# Wo Pokémon Sachen verkaufen?



## YAnnIFreaK (6. August 2015)

*Wo Pokémon Sachen verkaufen?*

Hey Leute,
habt ihr ne Idee, wo man abgesehen von eBay/Facebook, Pokémon Karten und Zubehör(Hüllen/Ordner) verkaufen kann?
Verkaufe die Sachen momentan für ein Notebook und weiß nicht wo am besten...


----------



## Oromis16 (6. August 2015)

*AW: Wo Pokémon Sachen verkaufen?*

Also mehr Leute als bei Ebay wirst du wohl nirgends erreichen.
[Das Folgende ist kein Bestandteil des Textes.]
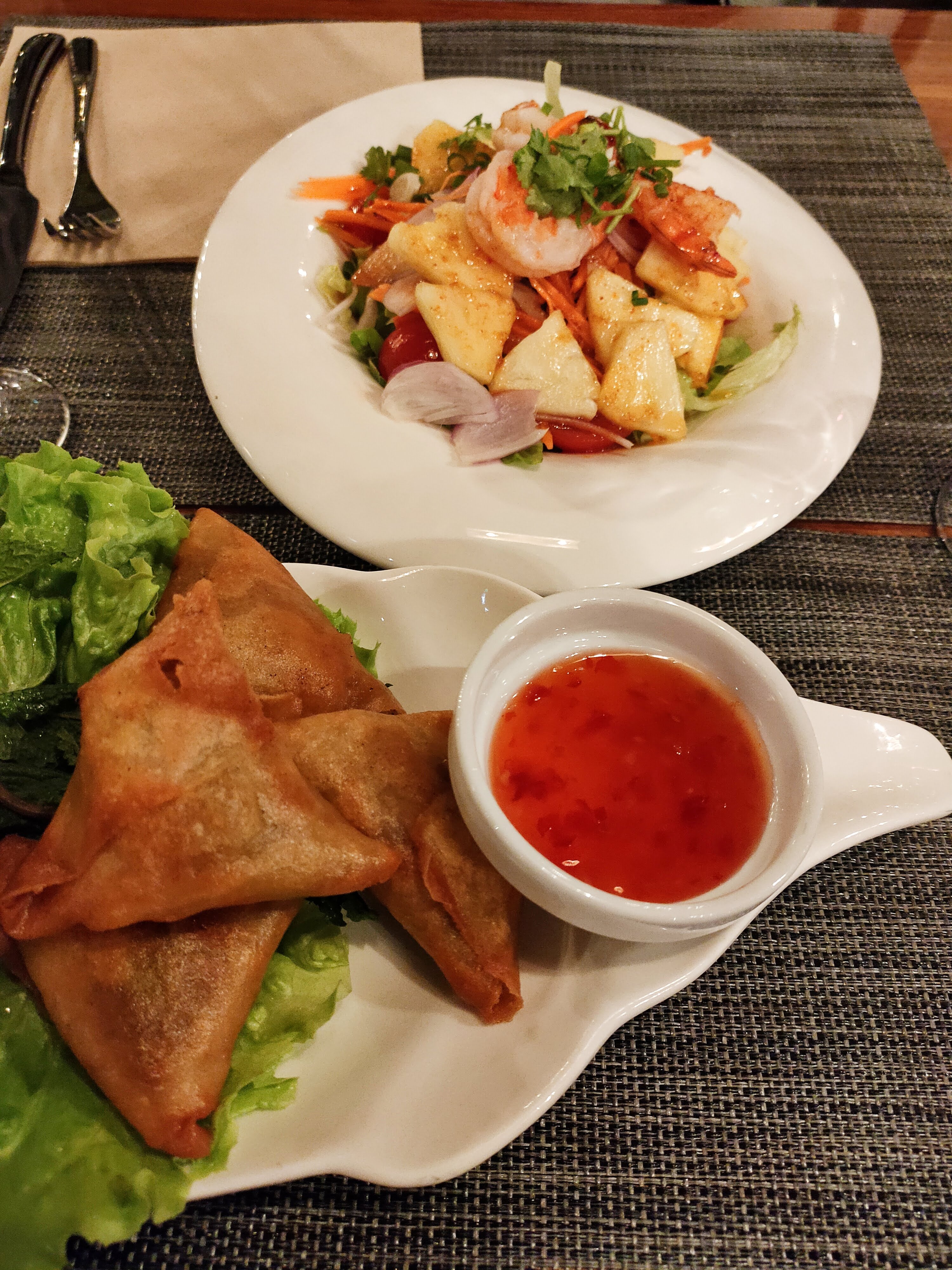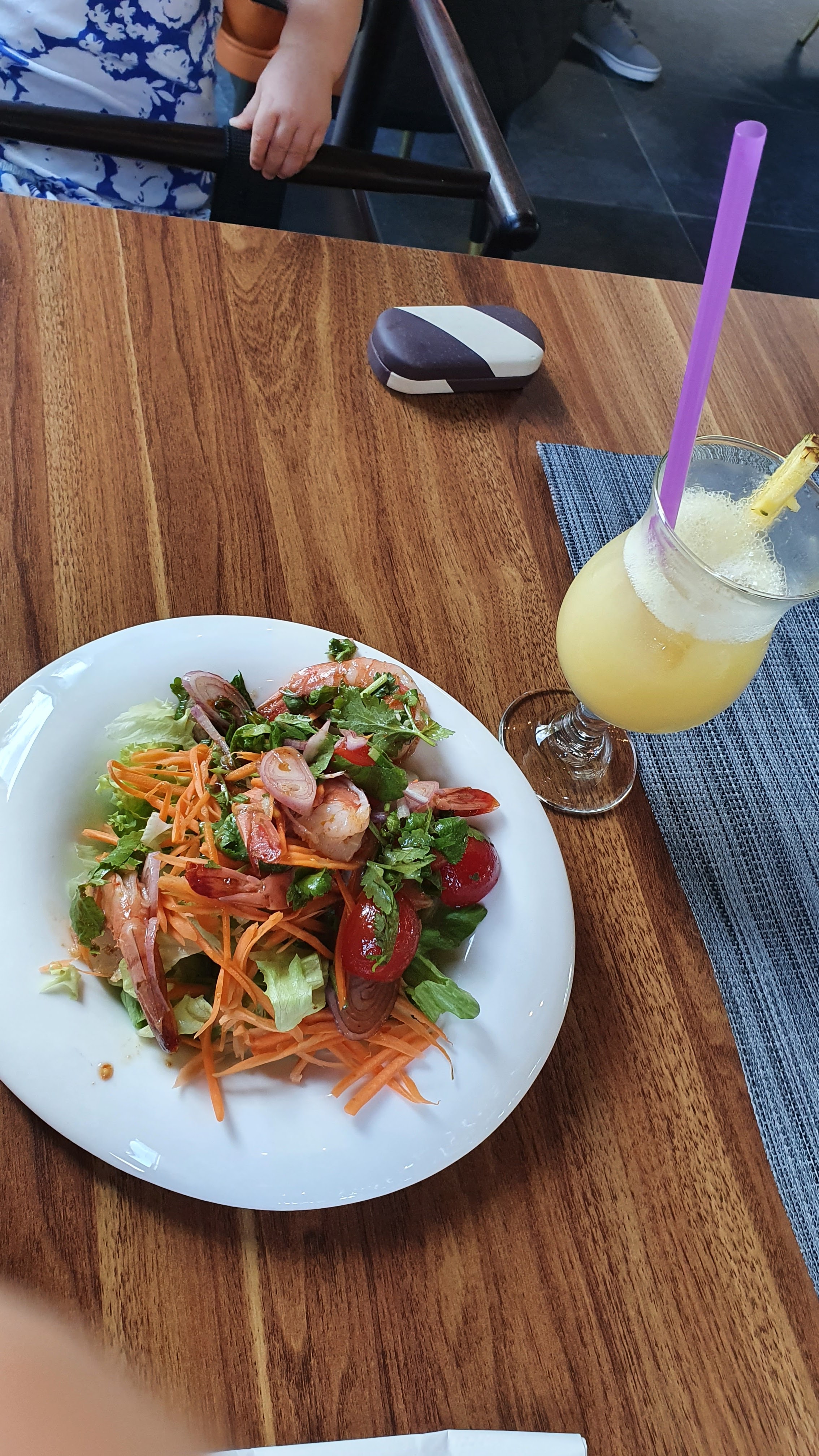 Restaurant à la décoration simple. La carte n'est pas donnée mais c'est un peu comme tous les restaurants Thaïlandais. Côté plats je trouve dommage de présenter dans des bols , c'est un challenge de consommer sans en mettre partout, du moins pour les gambas pour lesquelles il était impossible de les manger puisque sous la panure elles n'étaient pas décortiquées, quelle surprise pour la première bouchée! Le riz est servi dans un bol à part avec sa cuillère mais pareil tellement plein qu'on en met partout , bref pour ma part pas une réussite même si le goût est là.
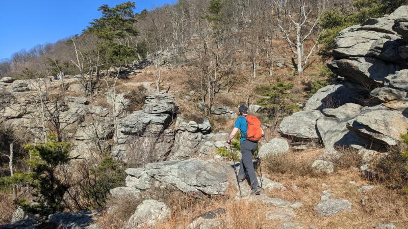 Counter-intuitively, the flat, hard-packed surface of the canal was harder on my feet than climbing the mountains, so I was happy to reach the turn north on the A.T. to head up Weverton Cliffs. I’ve climbed it several times before (from home and with family) so I knew what was in store.
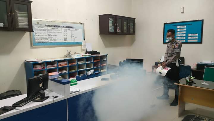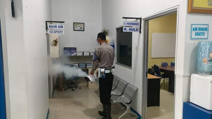 Pangkalan Bun, infokalteng.co.id – Guna mencegah penyebaran Virus Covid-19, Satlantas Polres Kotawaringin Barat (Kobar) jajaran Polda Kalteng melaksanakan Fogging disinfektan di setiap ruangan Kantor Satlantas, Sabtu (16/04/2022) pagi.
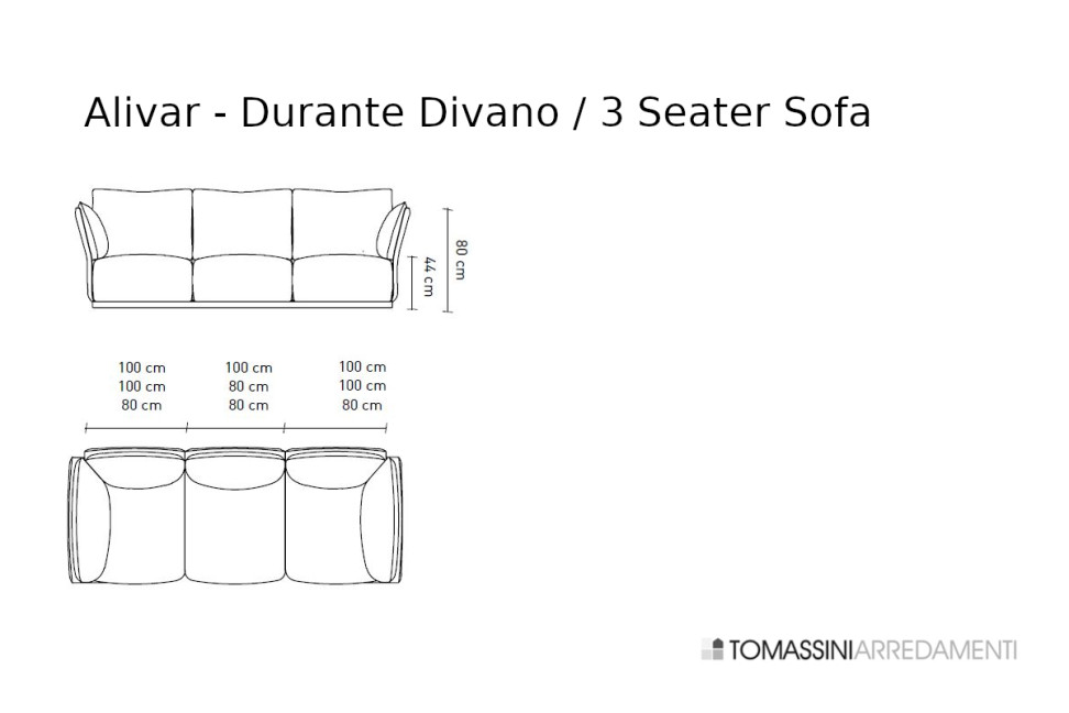 Durante sofa, in its linear versions, is available in the following sizes:
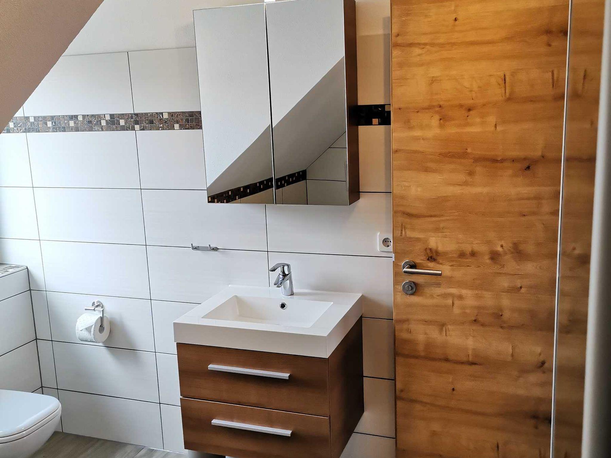Von der Küche aus gelangen Sie direkt auf die Terrasse bzw. den Balkon. Waschmaschine und Trockner befinden sich im separaten Wirtschaftshaus.

Höchstens in irgendeinem Pokemonforum mit entsprechendem Marktplatz.


----------



## Dr Bakterius (6. August 2015)

*AW: Wo Pokémon Sachen verkaufen?*

Kannst ja zuerst hier auf dem Marktplatz dein Glück versuchen


----------



## YAnnIFreaK (6. August 2015)

*AW: Wo Pokémon Sachen verkaufen?*

Joar ein Versuch ist es Wert, sonst noch irgendwelche Ideen?
Habe ja seit 9 Beiträgen Zugriff auf den Marktplatz


----------



## DKK007 (6. August 2015)

*AW: Wo Pokémon Sachen verkaufen?*

Flohmarkt


----------



## YAnnIFreaK (6. August 2015)

*AW: Wo Pokémon Sachen verkaufen?*

Da zahle ich erstmal Geld für einen Stand, das kriege ich nicht wieder raus...


----------



## egert217 (30. August 2015)

*AW: Wo Pokémon Sachen verkaufen?*

https://de.pokemoncardmarket.eu


----------



## HamsterGroupon3658 (30. August 2015)

*AW: Wo Pokémon Sachen verkaufen?*

wie wäre es auf einem trödelmarkt


----------



## Sunglass-Lion (31. August 2015)

*AW: Wo Pokémon Sachen verkaufen?*

ebay kleinanzeigen (Shpock kann ich dir nicht empfehlen...)


----------